Mies van der Rohe, Haus Severain Wiesbaden, Germany, 1933–34 (destroyed 1945).

Featuring a catalogue of works and new photography, Mies van der Rohe is an ambitious critical monograph that aims to challenge the established narrative of this seminal architect. Dietrich Neumann takes a nonhagiographic approach, driven by the importance of context—social, political, and architectural—for understanding the architect’s life and work. Organized chronologically, Neumann consults contemporary responses to Mies’s work, competition entries, building codes, structural and material qualities of built forms, and detailed looks at the work on the drafting table in Mies’s office and those of his collaborators. He attributes two previously unknown houses to Mies and several smaller projects; these further complicate typical biographies of Mies which present his work as a series of masterpieces. Neumann notably provides a nuanced portrait of Mies’s relationship with his benefactors, including his refusal to take a stand against the Nazi government for fear that doing so would compromise any potential commissions.

Dietrich Neumann is professor of history of art and architecture, director of urban studies, and professor of Italian studies at Brown University. He served as president of the Society of Architectural Historians from 2008 to 2010. His many publications include Richard Neutra’s Windshield House (Yale University Press, 2001) and The Structure of Light: Richard Kelley and the Illumination of Modern Architecture (Yale University Press, 2010).

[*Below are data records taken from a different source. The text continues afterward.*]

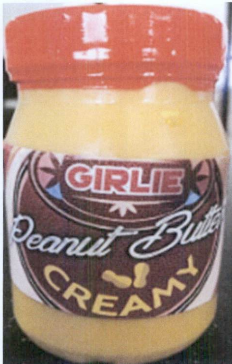
Figure 4. Unregistered GIRLIE Peanut Butter Creamy
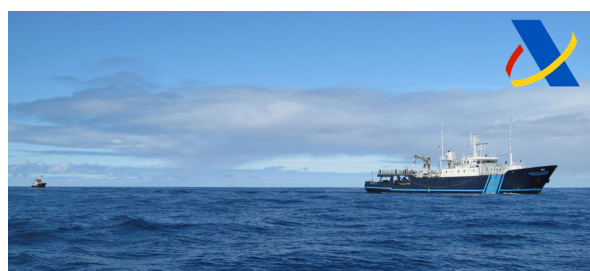
Offshore patrol vessel Petrel I towing the Venezuelan flagged fishing vessel
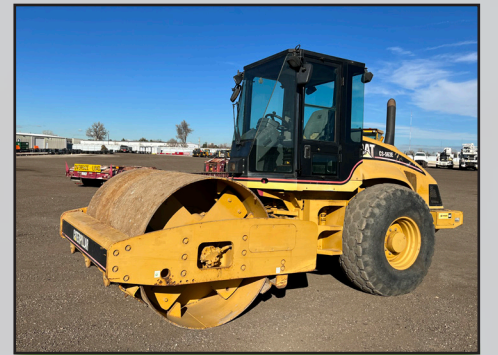
2006 CATERPILLAR CS563E SMOOTH DRUM ROLLER, COUNTY UNIT

2012 International 4300 S/A Bucket Truck, 7.6L, Automatic, Altec AA755MH Boom, 700 Lb. Max Capacity, 55' Max Height, Front & Rear Stabilizers
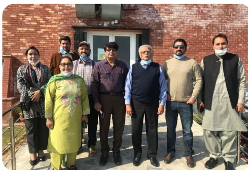
President & Secretary Finance of College Road Township Trade Association visited Cancer Care Hospital on Nov 18, 2020
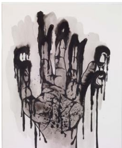
Chance , 2012 Indian ink on paper 13 3/8 x 11 1/4 in. (34 x 28.5 cm) [13832]
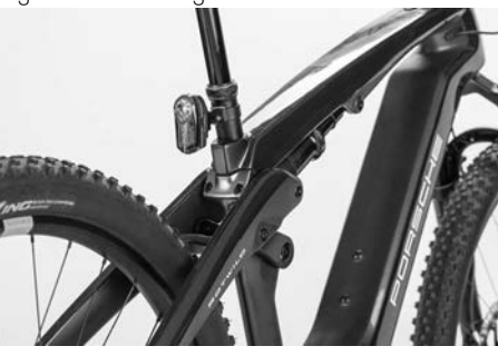
Figure 59: Rear light

Both lights are supplied with suitable bolts. These must be tightened to a torque of 4 Nm.
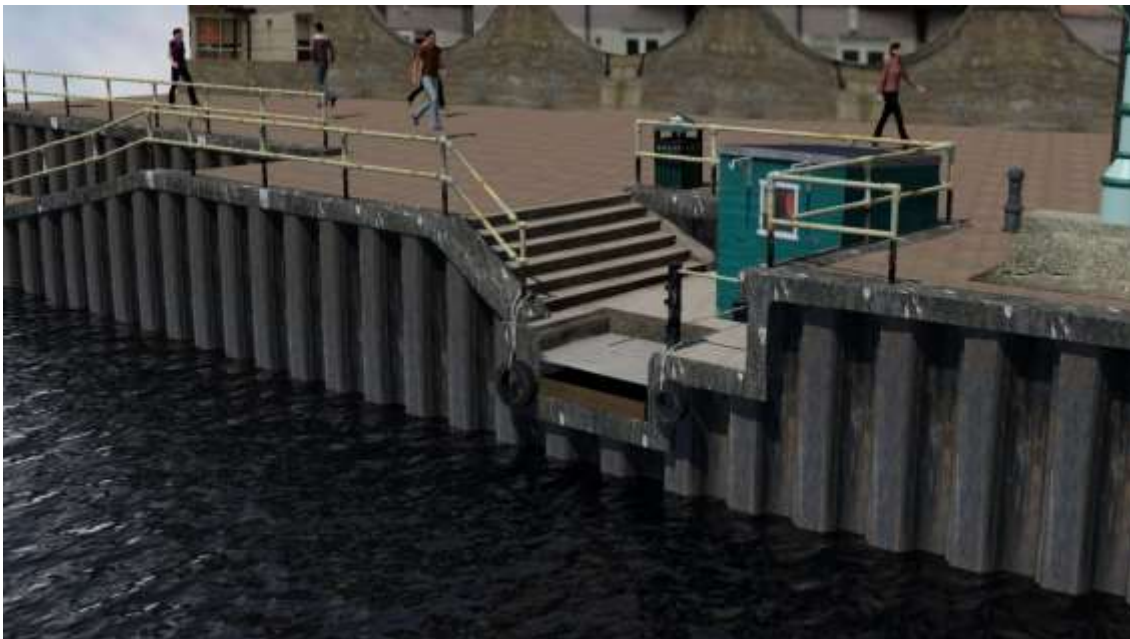
Figure 6: Screenshot of 3D Model

and date, can be applied to the model for more realistic lighting. A screenshot of the completed 3D model for the above case is shown in Figure 6.
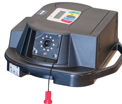
High resolution megapixel camera.
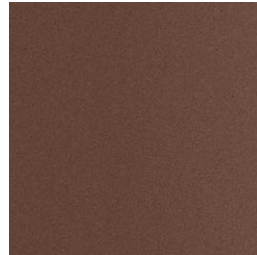
108 FT oxide fine textured
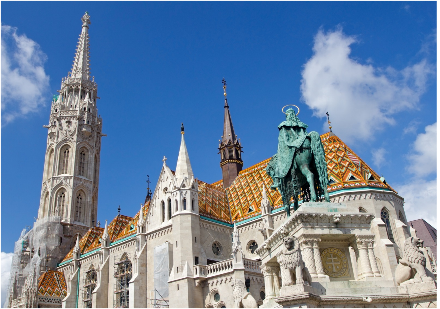
St Mátvás Church & St István's Monument
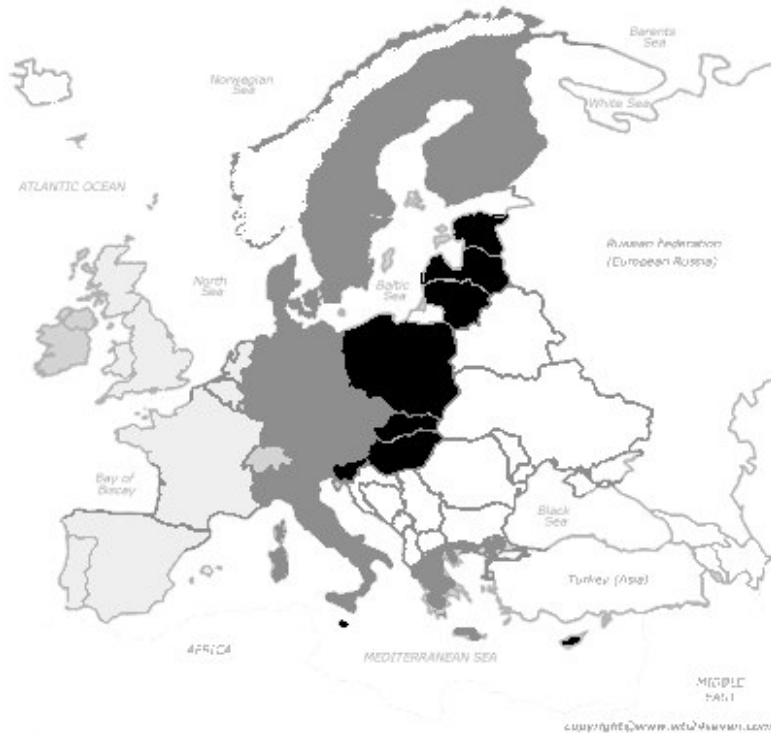
Figure 3: Map of EU25

Note: black area = new member states (NMS), grey area= neighbors of NMS, light grey area = non-neighbors of NMS

Katherine Boller, senior editor, art and architecture, will be the primary collaborator at Yale University Press. She will coordinate the book’s editing, production, and design to bring the project to completion. Upon publication, she will work closely with Yale’s marketing, publicity, and sales teams to promote and disseminate the book. Boller has worked in acquisitions for Yale’s award-winning art and architecture list since 2010.

Yale University Press, founded 1908, aids in the discovery and dissemination of light and truth, a central purpose of Yale University. The Press’s publications are books and other materials that further scholarly investigation, advance interdisciplinary inquiry, stimulate public debate, educate both within and outside the classroom, and enhance cultural life. In its commitment to increasing the range and vigor of intellectual pursuits, Yale Press continually extends its horizons to embody university publishing at its best.